The Cost of Lawsuit Cash Advances
For a lot of plaintiffs who have been injured and have lawsuits pending, a resolution to the case couldn’t come fast enough. A lot of plaintiffs have suffered economically from their injuries and need cash to deal with everyday expenses or medical treatments while they wait, with hope, for their case to resolve. For these plaintiffs, the idea of getting an advance, or loan, on future potential settlement proceeds may seem like an appealing option.
A number of legal cash advance companies target plaintiffs in litigations that 1) are likely to settle or that 2) have settled, however due to the nature of the case, settlement proceeds take some time to be disbursed. Because of the criteria used by these companies to determine which cases they will provide an advance, or loan, on the risks to these companies of getting paid back tends to be low. As a result, these cash advances, or loans, are marketed to plaintiffs as non-recourse loans which means the plaintiffs do not pay back any money that they do not receive from that case. In other words, the plaintiffs are only bound to pay these companies back from the monies they receive, if any, from the case they sought the advance on. With this in mind, it is pretty hard for plaintiffs to see the downside of accepting such advances.
However, outside of the money and the non- recourse nature of these loans, these companies typically do not explain the rest of the terms. Plaintiffs usually do not fully understand the high cost of these loans until their cases resolve and they are given their current payoff amount from the company.
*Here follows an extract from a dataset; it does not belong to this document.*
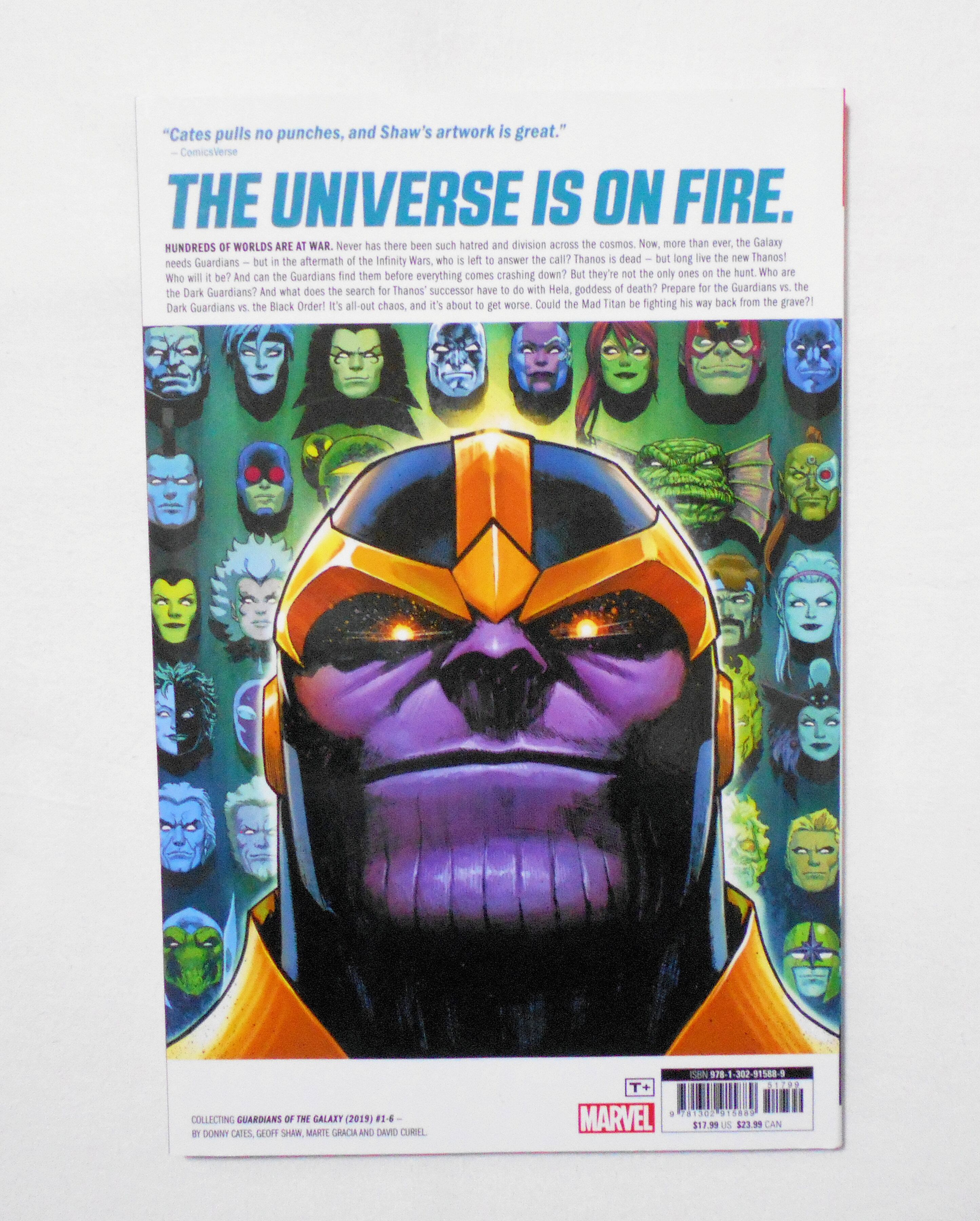 【GUARDIANS OF THE GALAXY VOL.1: THE FINAL GAUNTLET】FIRST PRINTING 2019◆ORIGINALLY PUBLISHED in magazine form as GUARDIANS OF THE GALAXY #1-6◆中古アメリカン・コミック。英文表記の洋書となります。◆ページ数表記なし カラー 大きさ約26×17センチ◆MARVEL WORLDWIDE, INC.◆ISBN 978-1-302-91588-9
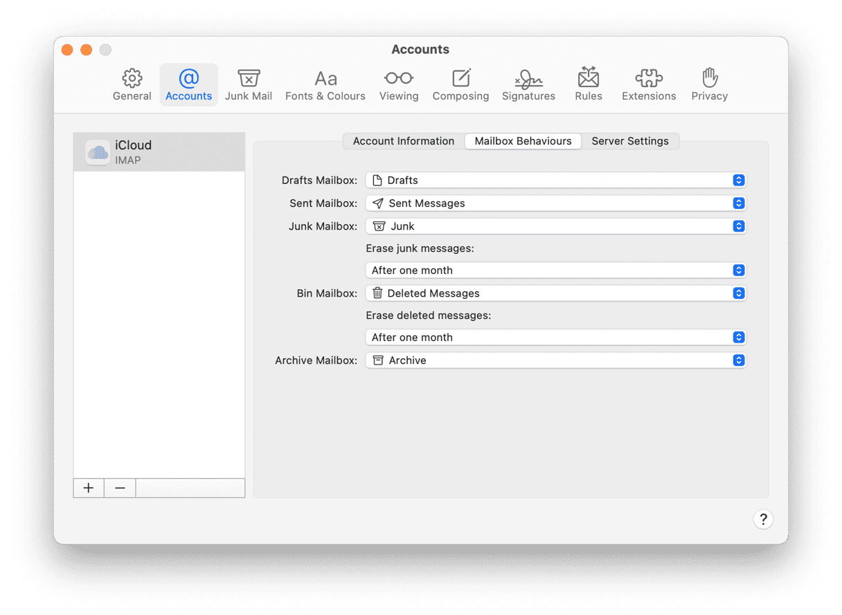Gå till Mail > Inställningar > Konton och klicka på ett konto. Välj Postlådebeteende. Klicka på menyn under "Radera skräpmeddelanden:" och välj ett alternativ. Gör samma sak med menyn under "Radera borttagna meddelanden".

It is not unusual for pay off amounts to be double the amount of the underlying advance amount within a matter of months. These inflated interest rates have not gone unnoticed by authorities in some states.
Just yesterday, the Consumer Financial Protection Bureau and New York Attorney General Eric Schneiderman filed a complaint against the New Jersey based settlement advance firm, RD Legal Funding LLC. In short, RD Legal provided 9/11 first responders and retired NFL players advances on their settlement proceeds and by the time the settlements were disbursed, the responders and players were on the hook for millions of dollars due to RD Legal. Among other things, the complaint alleges that 1) RD Legal made misrepresentations to the first responders and NFL players that prevented them from understanding the terms and the costs of the loans and 2) that the payments made to these individuals ended up being loans with interest rates as high as 250% which is significantly above New York’s usury cap.
What was most egregious about the loans RD Legal advanced was the fact that the 9/11 responders and NFL Players had actually reached settlements in their cases. It was simply a matter of time before they would receive their settlement payments, however RD Legal continued to charge outrageous interest rates on the advances when there was literally no risk to them in advancing the money.
While it is up to each individual to decide whether they need to obtain such an advance from one of these companies, there are some things to consider before deciding:
1. Do you really need the money or do you just want it because it is available to you?
2. If your situation is one in which you need money, are there any alternative means for you to obtain money such as a loan from friends or family member?
3. Try to determine by talking to your attorney how long it would take before any settlement proceeds may come your way. In most cases this is hard to determine but if you can at least get some sort of minimum amount of time your case may take to reach a resolution then you can ask the cash advance company what the pay off would be at that time. Once you get the pay off amount you can decide whether the amount is something you are willing to, or can afford to, part with from your settlement.
If after careful consideration, an advance on your legal case is something you must move forward with, make sure to understand the terms of what you are actually committing yourself to and what you are signing.